I know that $d(f \omega) = df \wedge \omega + f d\omega$, for a smooth function $f$. I suppose this would also hold for a vector valued function, so $d(F \omega) = dF \wedge \omega + F d\omega$.

Is there a way of computing $d( \omega F)$ from this result? Would it be the same as $d( F \omega)$?

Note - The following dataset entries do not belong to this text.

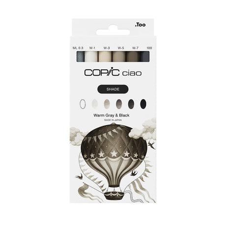 Copic Ciao SHADE Warm Gray&Black Markers Set, 6 pcs.
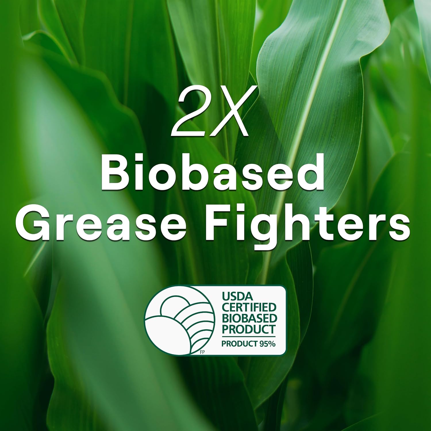 • Plant-based formula liquid soap fights grease and powers through tough, dried-on food
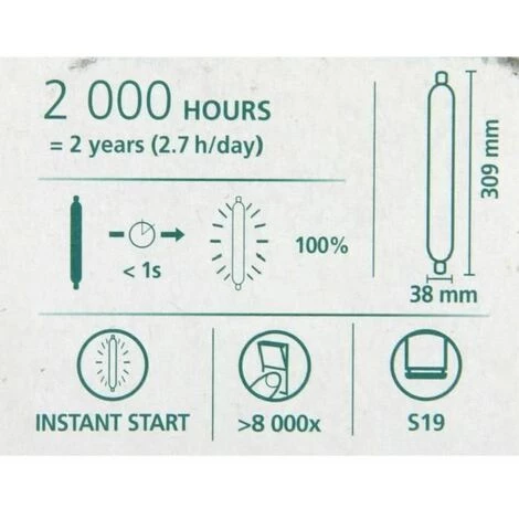 Ampoule linolite Eco halogéné classic 50 watts Straight . La technologie xénon est utilisée pour produire la lumière, pour cela il faut un flux lumineux étincelant. Elle dégage moins d’émissions de CO2 et génère moins de chaleur. L’ampoule fonctionne sans transformateur. Cette lampe dispose d’une durée de vie moyenne de 2 000 heures et permet d’économiser 20 % d’énergie par rapport aux lampes halogènes standard à double extrémités, tout en offrant le même flux lumineux. – Puissance 50 watts, 230 volts, forme linéaire finition transparente – Culot S19, classe énergétique D – Température de couleur 2800 K kelvins – Flux lumineux utile (nominal)775 lumens, couleur lumière 828 intérieure – Durée de vie 2000 heures – 1ampoule linolite (tube halogène)
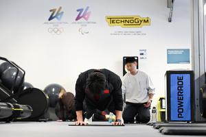 (260203) -- CORTINA D'AMPEZZO, 3 febrero, 2026 (Xinhua) -- El atleta chino, Li Chunjian (frente), entrena en el gimnasio de la Villa Olímpica y Paralímpica de Cortina D'Ampezzo antes de los Juegos Olímpicos de Invierno de Milán-Cortina 2026, en Cortina D'Ampezzo, Italia, el 3 de febrero de 2026. (Xinhua/Lian Yi) (oa) (ah) (vf)
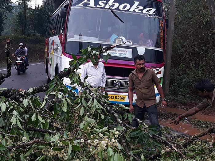 ಕೊಡಗಿನಲ್ಲಿ ಗುಡುಗು, ಸಿಡಿಲಿನ ಅಬ್ಬರ: ಮರದ ಕೊಂಬೆ ಬಿದ್ದು ವಾಹನ ಸಂಚಾರಕ್ಕೆ ಅಡಚಣೆ
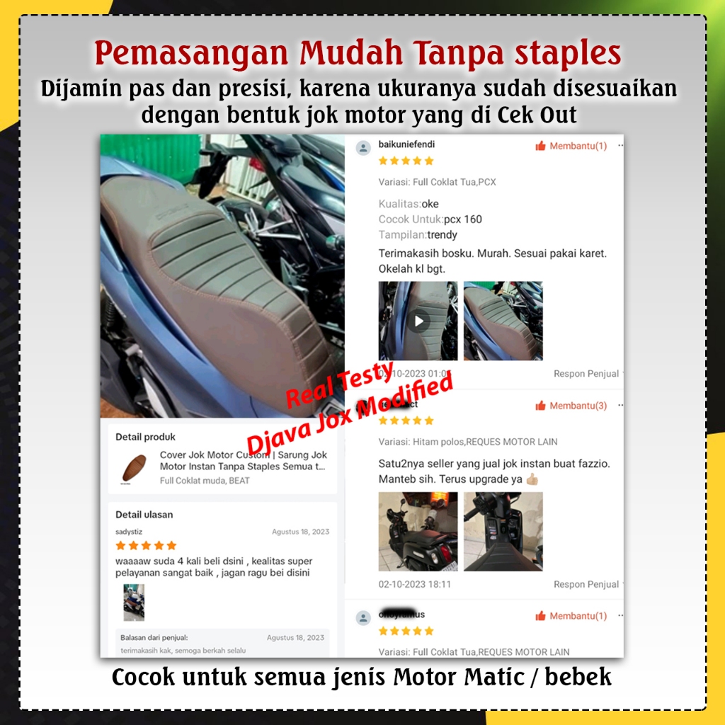 Sarung jok instan CAFERACER |cover jok | kulit jok | Tutup jok honda yamaha scoopy nmax vario pcx
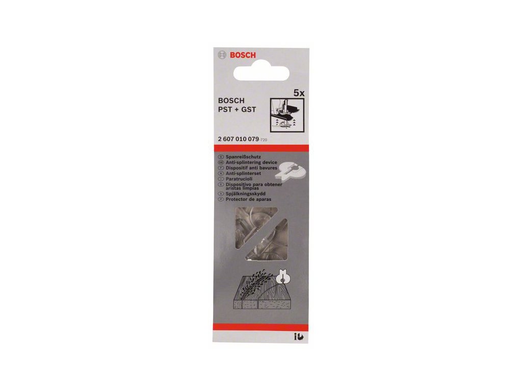 Ochrana proti odštiepeniu zabraňuje vytrhnutiu materiálu z hornej vrstvy. Najúčinnejšia je pri rezaní po vlákne alebo šikmo na vlákno. Hodí sa pre: GST 14.4 V; GST 18 V; GST 75 BE; GST 80 Professional; PST 650; PST 650 L; PST 680 E; PST 680 EL; PST 700 PE; PST 800 PEL; PST 900 PEL; PST 1000 CE.Dodatočné parametre
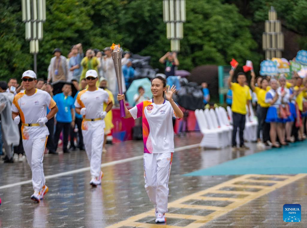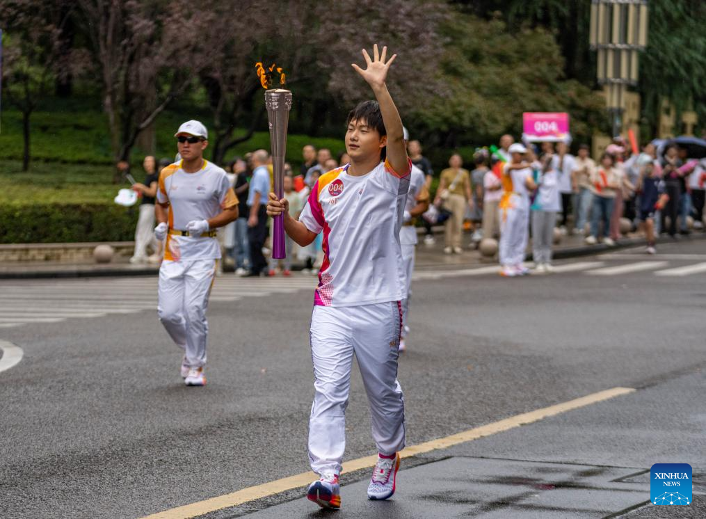 Torch bearer Peng Yunfei runs with the torch during the torch relay of the 19th Asian Games in Lishui, east China's Zhejiang Province, Sept. 16, 2023. (Xinhua/Sun Fei)
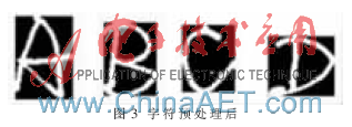 答题卷的客观题部分一般主要由答题序号(也就是印刷体数字)和答案(手写体A、B、C、D)构成。在进行数字和字符识别之前,通过参考文献[4]提供的方法可以使每个字符边缘没有空白区域,如图3所示。

up vote 2 down vote accepted

Let $F$ be a vector-valued form then $F = (F_1,F_2, \dots , F_n)$ where $F_1,F_2, \dots , F_n$ are functions. The definition of $dF$ is that we exterior differentiate component-wise, $dF = (dF_1,dF_2, \dots , dF_n)$. By definition, $$ \omega F = (\omega F_1, \omega F_2, \dots , \omega F_n)$$ and so, $$ d(\omega F) = (d(\omega F_1), d(\omega F_2), \dots , d(\omega F_n)).$$ Next, simply apply the usual product rule for forms on each component, $$ d(\omega F) = (d\omega \wedge F_1-\omega dF_1, d\omega \wedge F_2-\omega dF_2, \dots , d\omega \wedge F_n-\omega dF_n).$$ Finally, factor out the one-form $\omega$ etc.. to find: $$ d(\omega F) = d\omega \wedge F - \omega \wedge dF.$$ Some of these $\wedge$'s are at times omitted in texts. I think you can see that the same rule holds for $d(F\omega)$ assuming you define right-multiplication on the vectors of forms.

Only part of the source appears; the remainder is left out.